Mind, Body, Sleep, and the Powerful Connection Between Them
How the body and mind can work together to improve sleep
The mind-body connection is extremely powerful.
When the mind and body are working in tandem, both feel at peace. They feel like you’re on a mountaintop at sunrise, like you’re listening to the crashing waves of the ocean on a summer evening, like you’re watching fresh snow fall while sitting by a crackling fire. You feel present and fulfilled and aligned.
The mind and body impact each other in fantastic and almost superhuman ways. The body can calm the mind down, and the mind can encourage the body to do incredible things. When you train your mind and body to support one another, this impact can be felt every second of every day – you’ll be feeling your best, emotionally and physically.
Your nervous system is at the center of this connection, and it also can be your secret weapon to great sleep. When you’re tossing and turning, worrying about the future or stressing about the past, it’s your mind that’s racing a million miles a minute. To control the nervous system with sleep in mind, we should look to the body.

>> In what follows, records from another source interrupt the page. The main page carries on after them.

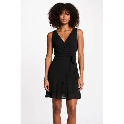 Deze jurk van Morgan is mouwloos en heeft een korte lengte met een V-hals. De jurk komt met een rits, riemlussen, een ceintuur, ruches en een volant.
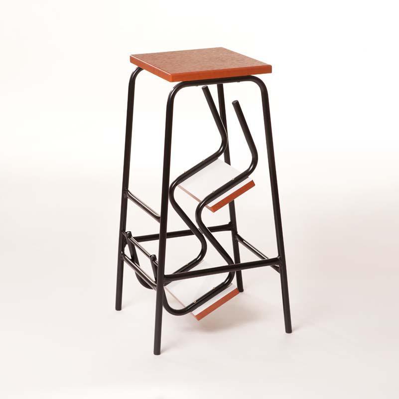 Стілець Драбина від ТМ Вітан - незамінна річ у господарстві. Конструкція виготовлена із сталевої труби діаметром 16мм, із полімерним покриттям. Сидіння та сходи виготовлені з ламінованої плити МДФ. Стілець "Стрем'янка" незамінний у домашньому господарстві - піднятися високо, чи то заміна лампи або необхідність повісити на стіні картини. Конструкція трансформується в невелику драбинку, що дає можливість з легкістю піднятися нагору.
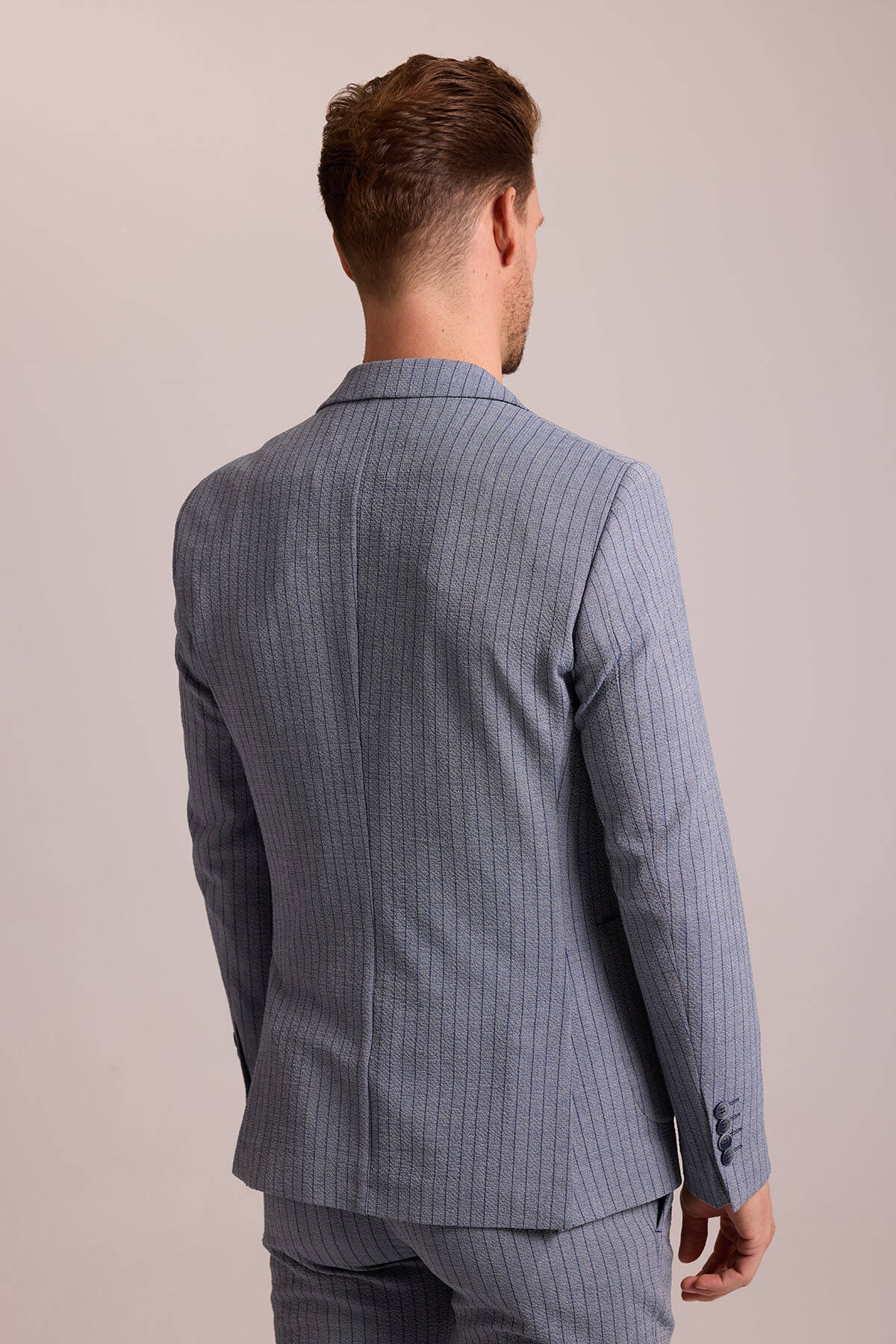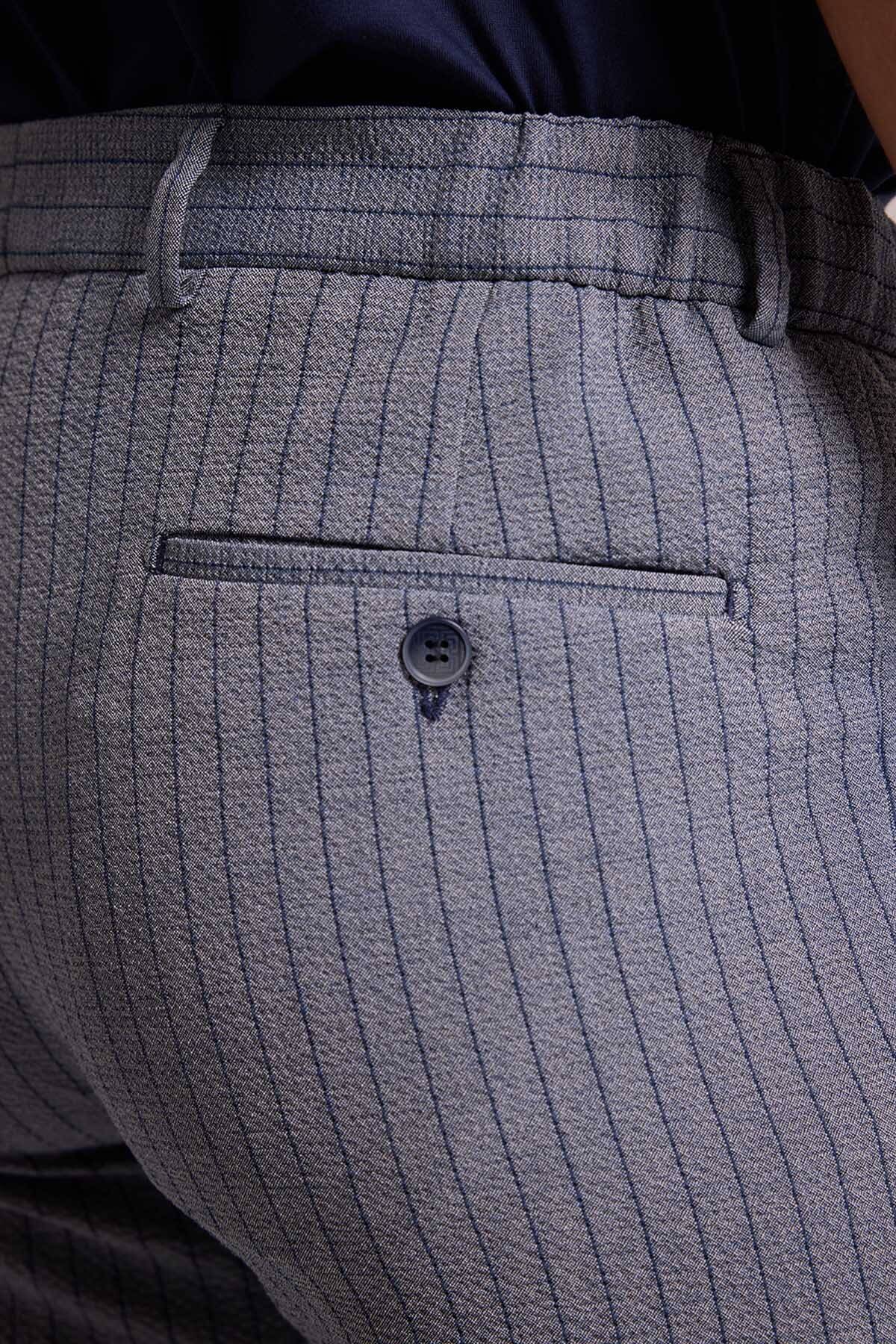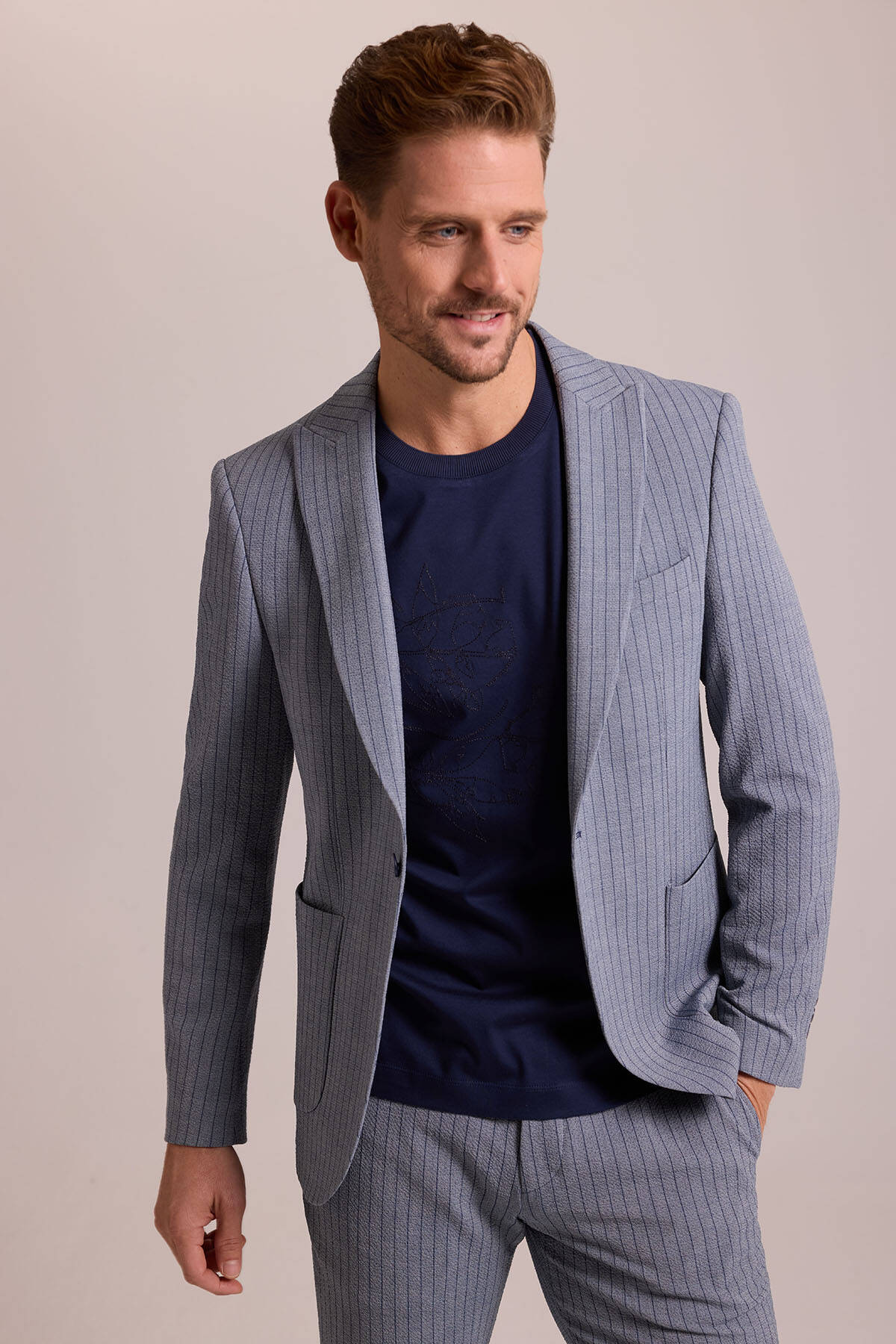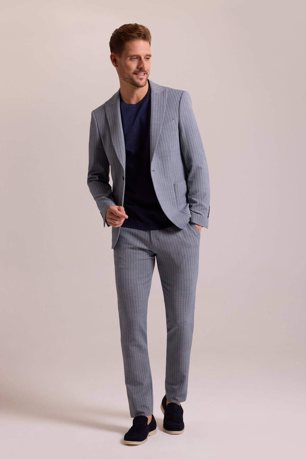 Erkek Lacivert Çizgili Regular Fit Beli Lastikli Mono Yaka Takım Elbise

A mobius strip is the best way to describe the continuous loop that is the mind-body relationship. It’s deeply dependent and intertwined. When we’re feeling like it’s difficult to control the mind, we should look towards the body. As it relates to sleep, we can add in certain practices and activities that will foster the connection and allow us more control over the quality of your sleep.
Practices for better sleep
Non-sleep deep rest (NSDR) is the umbrella idea that encompasses practices like meditation, yoga nidra, hypnosis, and more. It’s the best way to reset and restabilize the mind-body connection, giving us the rest we need to engage in the world in an intentional, deliberate way. NSDR is an impactful, fundamental way to remain wakeful during the day and make it easier to fall asleep at night. Here are a few ways to implement NSDR in your daily life.
The default mode network is a collection of brain areas that are responsible for your mind wandering. This is what’s at the forefront when you’re lying awake at night, unable to fall asleep. Meditation is a phenomenal way to practice controlling the mind and calming that default mode network. Meditation utilizes breathwork, visualization techniques, perception shifting through interoception, exteroception and dissociation, and much more. There are countless studies and testimonials from people all over the world about how meditation changed their lives in numerous ways: biologically, physically, mentally, emotionally, spiritually. Headspace is a great resource whether you’re a new or experienced meditator.
Yoga nidra is another recommended practice that helps cultivate the mind-body connection. Yoga nidra has been found to be just as effective as meditation in reducing cortisol and enhancing neuromodulators.
According to a study completed at a prestigious university in Denmark, meditation, yoga nidra, and other practices like it allow dopamine and other neuromodulators in the striatum (responsible for motor planning and motor execution) to reset themselves.
NSDR practices can be so powerful because they require nothing: no devices, not much time, no supplements. NSDR has been proven to have so many positive, beneficial effects on the human body and soul, all the way to the neuromodulator level. Much like the mind-body connection itself, these are inspirational and motivational findings, and will undoubtedly begin to play a much more prominent role in both physical and mental health, and the act that lives at the crux of it all: sleep.